En ce qui concerne la durée de la période à utiliser, l'expérience montre que des résultats satisfaisants sont obtenus en prenant des périodes de retour longues (30 jours ou plus).

15. EXEMPLE COMMENTE

 

 

Le cours de Géophysique évoluait au sein d'une configuration baissière depuis mai 1995, date à laquelle il a ricoché sur la droite de résistance.

En octobre 1995 (point A), il a rebondi sur la droite de support, mais les volumes (2.300 pièces en moyenne) n'étaient pas significatifs pour permettre la constitution d'une ligne.

Trois mois plus tard (point B), l'action retombait sur un niveau de cours proche du point A, soit 152 F ; le RSI était à 55 et le momentum repassait en vitesse positive. Elle traçait cependant une configuration graphique de retournement en double creux (voir leçon n°6). La valeur devait être mise sous surveillance dans l'attente d'un cours proche du pic central, soit 189/190 F, qui aurait permis un achat.

A fin janvier, le cours dépassait ce niveau, au point C, dans des volumes de 19.000 titres.

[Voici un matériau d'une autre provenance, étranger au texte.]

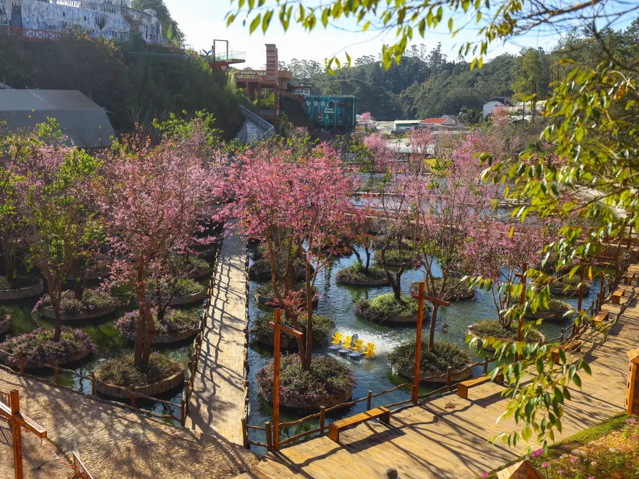 Vào mùa xuân (tháng 1 – tháng 3), Fresh Garden Đà Lạt lại khoác lên mình tấm áo hồng rực rỡ của Mai Anh Đào. Cả thung lũng bừng nở, tạo nên khung cảnh thơ mộng tựa như xứ sở Nhật Bản thu nhỏ. Dạo bước giữa không gian ngập sắc hoa, bạn sẽ cảm nhận trọn vẹn vẻ đẹp tinh khôi của đất trời Đà Lạt trong những ngày đầu năm.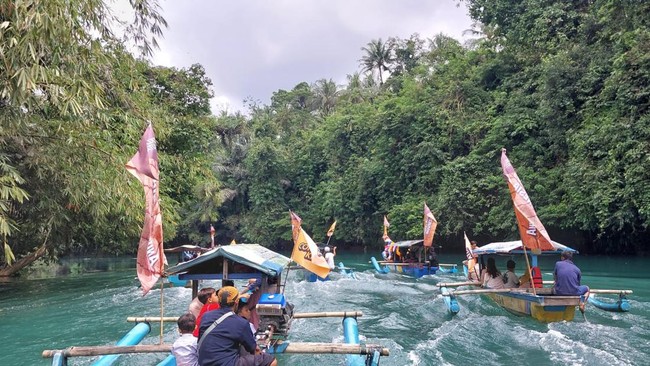 "Biasanya ada sekitar 80 perahu gratis bagi siapa saja yang hadir bisa mengikuti penyusuruan sungai Cijulang menuju Green Canyon sampai ke hulu sungai Cijulang," ucapnya.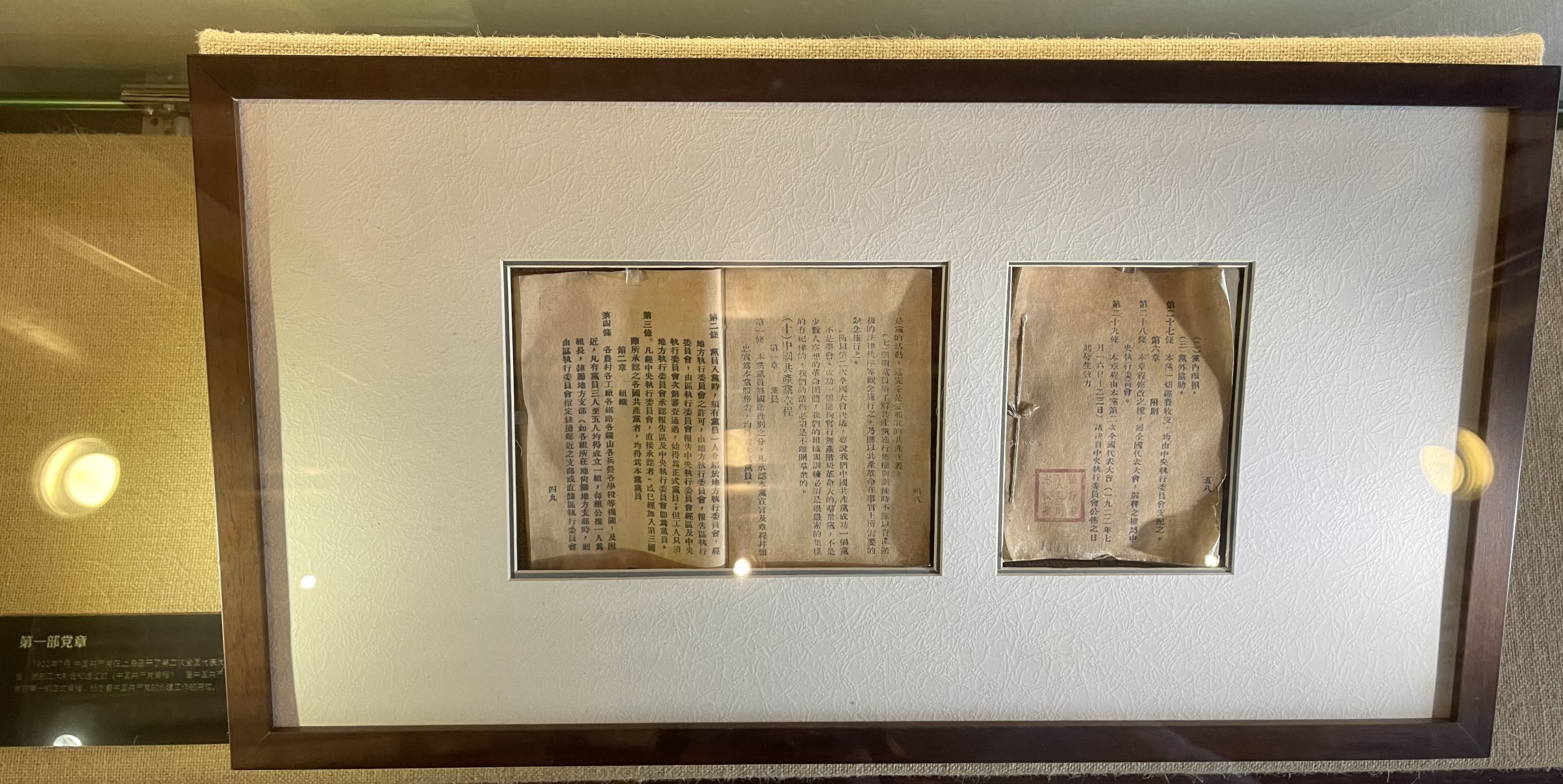 张人亚党章学堂中的中国共产党第一部党章,原件藏于中央档案馆。(张人亚党章学堂供图)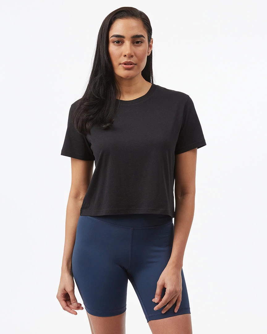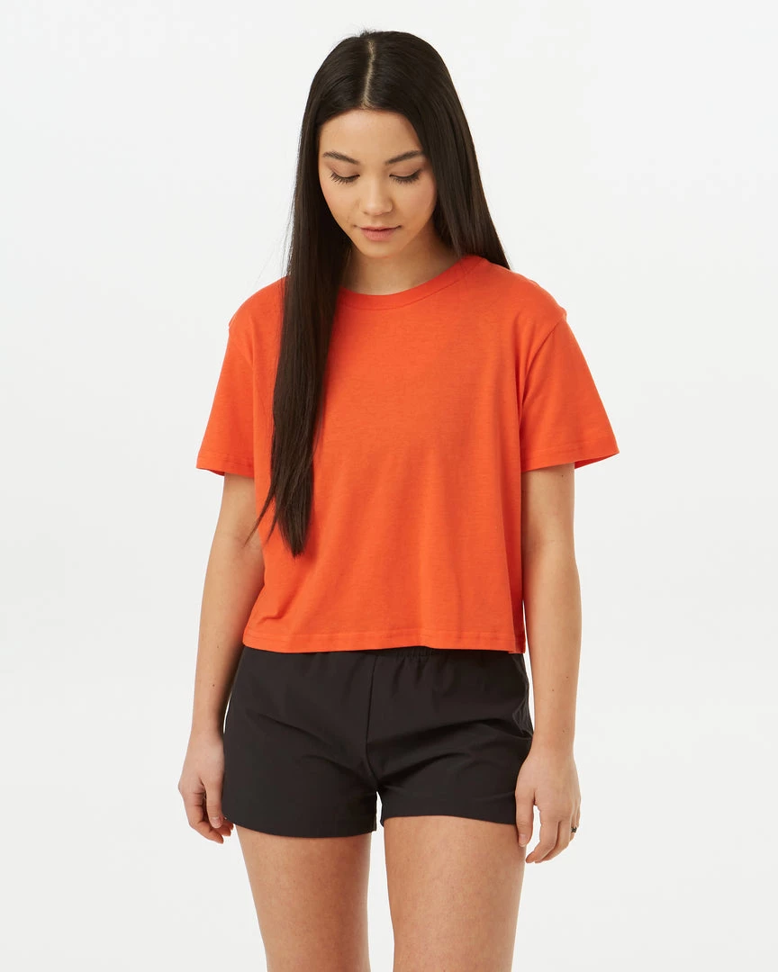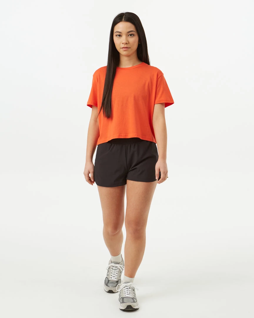 - Relaxed fit crew neck cropped t-shirt, ribbed neck band, medium stretch fabric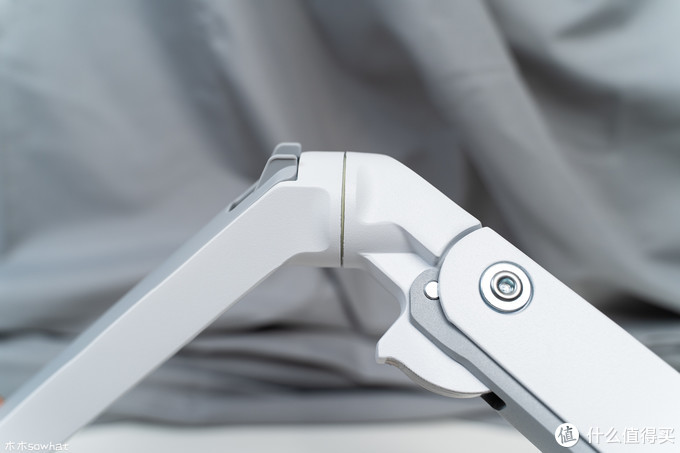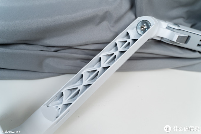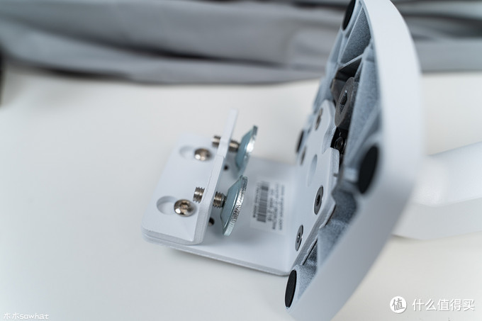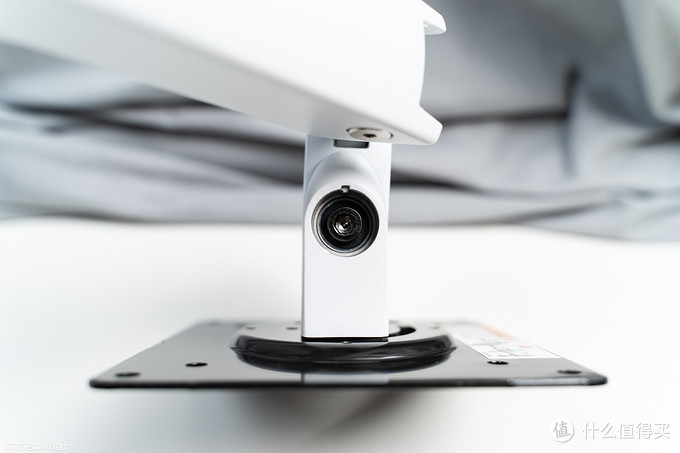 先来看下支架的全貌,此款显示器默认是组完成后的形态,到手可以直接使用,简化了安装程序,可以看到整个支架绝大部分色调为白色。

La règle de la balançoire (leçon n°4) permettait de déterminer un potentiel de 230 F (soit 21 %). On pouvait donc prendre alors une partie de ses bénéfices à ce niveau.

Les volumes enregistrés fin février (25.000 en moyenne) donnait à penser qu'un courant acheteur se déclenchait, ce qui allait de pair avec la cassure à la hausse de la résistance et la constitution d'un gap (point D, RSI à 58, Momentum à + 45). Le tracé d'un nouveau canal encourageait à une prise de bénéfice au point E (RSI à 70, Momentum baissier à 40).